Funded by a three-year grant from the Council on Developmental Disabilities, the initiative is led by Vaya Health, an Asheville-based managed care organization. Supported living has been added to the list of government-funded services, and the project will identify and disseminate best practices to be used by care providers.
“The grant is designed to create a statewide learning community,” says Jesse Smathers, Vaya’s network development director. Four partner organizations — Turning Point Services, The Arc of North Carolina, Liberty Corner Enterprises and FIRST — will monitor the progress of 18 people with either intellectual or developmental disabilities as they transition from a group home to living in the community. Vaya, in turn, will monitor the monitors.
“There will be some videography taken from it, and the stories will be shared through a learning community, with quarterly meetings or quarterly webinars,” says Smathers. Consisting of care providers, experts in the field, disability rights activists and other interested parties, the ever-evolving learning community will “help people see the possibilities of using this service,” Smathers notes.
Rachel Leonard-Spencer, Vaya’s marketing and communications coordinator, says, “We want to impress upon people that these individuals aren’t just thrown out there on their own: They do have support.” And drawing on those test cases, Vaya, its partner organizations and additional nonlocal experts will distill best practices to be used in meeting the anticipated increase in demand for such services.
Independent living, notes Smathers, “gives a person pride. It seems to be a part of everyone’s life to break away from the family and move out into the community, get their own place, find a job — all those rights that people without disabilities often take for granted.”
Leonard-Spencer, meanwhile, feels the program can have “a ripple effect that won’t just affect people in the here and now, but possibly for years to come.”
Curse or challenge?
“The first thing I see in the morning, and the last thing I see at night, is that I’m blind,” says Gary Ray. “Everything between those two is either a curse or a challenge.”

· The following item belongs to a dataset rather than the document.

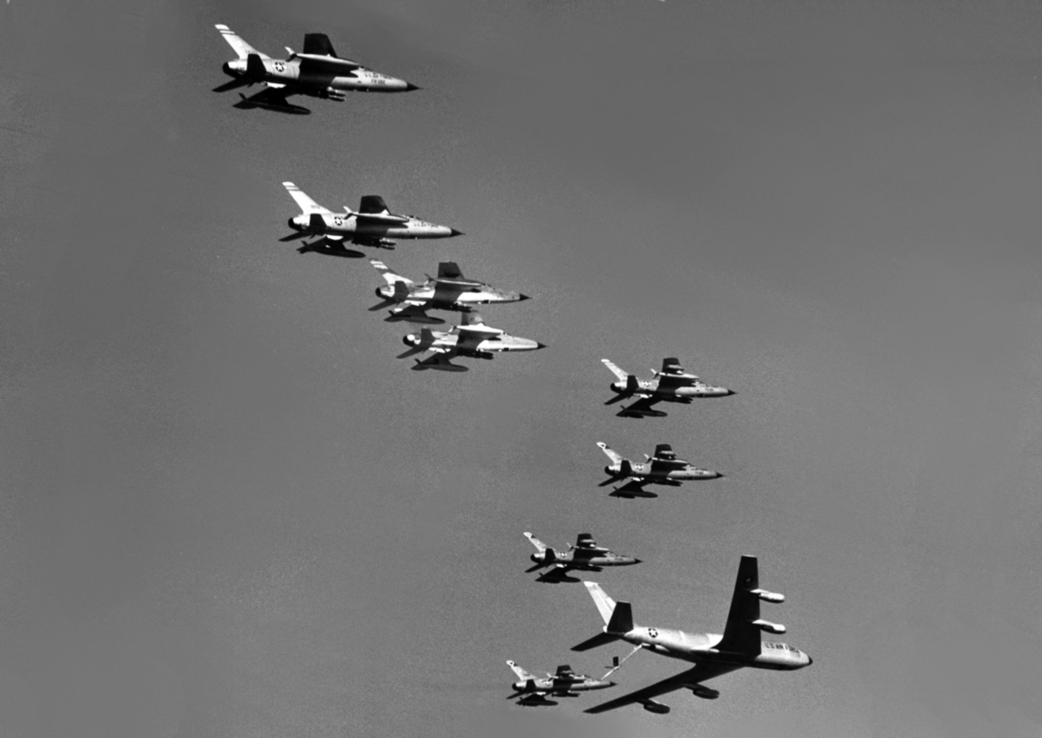 U.S. Air Force Republic F-105D Thunderchiefs receive fuel from a Boeing KC-135A Stratotanker on their way to targets in North Vietnam, December 1965.

Born in Weaverville in 1950, Ray battled poor vision all his life. By the time he enrolled at N.C. State, a strange phenomenon had begun to occur: The varsity athlete thought he saw people jumping in front of his car. But when he returned to Asheville to see his eye doctor, Ray was informed that he had macular degeneration, and by 1980, he was declared legally blind (his vision was 20/200).
For 20 years, Ray worked at the N.C. Library for the Physically Blind and Physically Handicapped in Raleigh. “They paid me to talk,” he says. “I got to go around the state and let blind and visually impaired people know about the services offered.”
After retiring nine years ago, Ray returned to WNC. But Raleigh, he maintains, is way ahead of Asheville when it comes to things like accessibility and transportation services. To help improve conditions here, Ray now serves on the city’s Transit Committee and belongs to the Buncombe County chapter of the National Federation of the Blind. “We believe that with appropriate training and services, a blind person could get blindness down to where it becomes a nuisance, as opposed to something that keeps them at home and never lets them go anywhere,” he explains.
In between his committee work and chapter meetings, though, there are times when Ray feels the full weight of his disability. But he’s taught himself a trick to fend off despair.
“It’s called brainwashing,” he says. “The human brain can generally only keep one line of thought going at any given time. Whenever you feel the curse coming, if you change the way you think — if you change it from curse to challenge, if you force your mind to think ‘challenge’ over and over again — you can start a new day at any point.”